Barons of the Sea
Page 12
She was to be christened Rainbow.
Regardless of the competition, the Lows kept their eyes on the prize, and Palmer kept Brown & Bell on schedule.18 At Russell & Co., Robert Bennet Forbes, although not directly invested in the ship, followed the construction closely. “Let me know a week before you launch so that I may go in her, your fine ship Houqua,” he scrawled eagerly to Palmer.19 But she would not be ready for some time.
*
New York’s East River was home to many other shipyards in addition to Brown & Bell. Employing thousands of men and boys, the yards built everything from China packets, to river steamers, to naval warships. Prior to the 1830s, there were no set hours for work. It took a number of strikes for the shipyard owners to concede to a series of short breaks throughout the day, marked by the ringing of the so-called Mechanic’s Bell, set in a high wooden tower at the intersection of Lewis and Third Streets. Cast from hundreds of gold, silver, and copper coins donated by the shipyard workers, the Mechanic’s Bell was an audible symbol of tradesman solidarity, its tolling a daily reminder to the bosses of the hard-won twelve-hour day.20 The day started at six in the morning sharp. The men would pause for breakfast between eight and nine, and then continue on until noon. After an hour lunch break, the men would labor until the Mechanic’s Bell tolled again at six in the evening.
The workers’ attempt at forming a trade union proved futile. The best they could do was the so-called NewYork Journeymen Shipwrights Society, which pooled member contributions into a fund to help workers debilitated by all-too-frequent accidents. The organization’s charter forbade it from attempting to “control or fix the prices of carpenter’s wages in the city of New York.” Wages for skilled working-class shipyard workers, considered a good job at the time, seem shockingly low by today’s standards.

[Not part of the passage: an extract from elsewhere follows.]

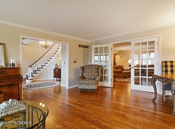 Hilltop brick center entrance Colonial in Inverness Hills. Beautiful 2 story bridal staircase greets your guests as they enter this well thought out floor plan. Notice the gleaming wood floors that grace the entire 1st floor. A large dining room flanks the entry on one side and the formal living room on the other. Open the leaded glass French doors to the family room with cozy stone fireplace & wet bar. This room is open to the large kitchen with plentiful cabinet space for storage. Screened porch has new Trex flooring & is perfect bonus room during the warmer seasons. The private 1st floor 5th bedroom is currently being used as a home office w/full bath adjacent. The master en-suite features a large walk in closet and brand new master bath complete w/over-sized shower, soaking tub and dual vanities. Basement rec room is finished w/wet bar, TV viewing area and game room and is perfect for casual entertaining. New architectural roof, new landscaping and updated front walkway.

During the 1840s, a teenage apprentice might earn $2.50 a week, plus $40 a year “in lieu of meat, drink, washing, lodging, clothing, and other necessities.” A master shipwright could expect to earn up to $1.75 per day. Such pitiful wages barely allowed these young men to survive in the big city.
Low wages aside, the highly skilled men of New York’s shipyard were very proud of their craft, which demanded a combination of physical strength and extreme attention to detail. The first step in the actual construction of a ship such as Houqua—and all subsequent clippers—was laying the keel. This was the backbone of the ship; if the keel broke apart in rough seas or on the rocks, the ship had a “broken back” and was a total loss.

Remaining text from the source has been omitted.